New York Times: Publishers Banning Conservatives Isn't Blacklisting Because They Can Self-Publish

It figures that this argument would be made by the New York paper that can make or break books in an industry based out of the same city. And that it would be made by Ben Smith, the loathsome Buzzfeed vet who had been previously dispatched to do a hit piece on Andrew Sullivan over false allegations of racism.

The specific topic here is the New York Times unabashedly celebrating Hachette's firing of Kate Hartson at Center Street, a conservative imprint, for publishing... conservatives.

Am I exaggerating? Nah. This is the New... New York Times and it isn't even bothering to pretend.

"Big Publishing Pushes Out Trump’s Last Fan - Top editors at Hachette have told employees that they’ve learned the lessons of the Capitol siege of Jan. 6: no hate speech, no incitement to violence, no false narratives."

No to political dissent. 

Hachette, you may remember, is the publisher that put out In Defense of Looting, which combined antisemitism, hostility toward Asians, with support for looting. No one seems to have been fired for that one so we can assume that some kinds of hate, incitement, and false narratives are still okay. 

But the perfect New York Times paragraph comes most of the way down.

Thomas Spence, the president of the conservative publisher Regnery, said he regarded the shift by the Big Five (soon to be four, when Penguin Random House completes its acquisition of Simon & Schuster) as a “form of blacklisting.”

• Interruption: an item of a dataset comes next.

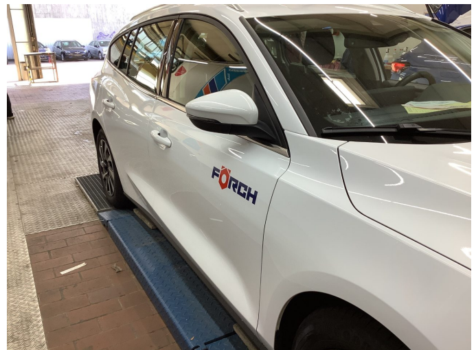
Damage 1: Body: Body - Glued / labelled - De-glue / neutralise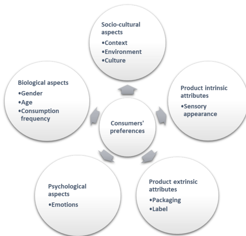
Figure 1. Factors that influence consumers' preferences. Adapted from [22,112–114].

Many factors, including biological, psychological, and socio-cultural, may influence consumers' preferences and choices (Figure 1) [22]. Gender, age, consumption frequency, education, and income are just a few examples of those many variables that affect consumers' preferences and choices [112]. In addition, product-intrinsic attributes such as sensory appearance, product-extrinsic attributes such as label or packaging [113,114], and contextual and environmental influences may have clear effects on hedonic tasting [22].

Ben Smith however offers this tremendous act of journalism.

"But when that word was used in 1950s Hollywood, the movie studios could silence a writer, director or actor because they exercised near total control over production and distribution. The New York publishers don’t have that power anymore. High-profile authors provide more marketing on social media than any publisher can dream of, and the largely values-neutral Amazon is the main distribution channel for most books. Donald Trump Jr. self-published his second book."

Seriously. It's not blacklisting because... you can self-publish. 

Pathetic. Contemptible. Neither seem to do this justice. It's the sort of thing that a Communist apparatchik would have offered up to an American journalist asking about the persecution of some blacklisted writer. Now it's the sort of contemptible apologia for its blacklists that the New York Times offers up in the very same article in which it promotes and celebrates the blacklist.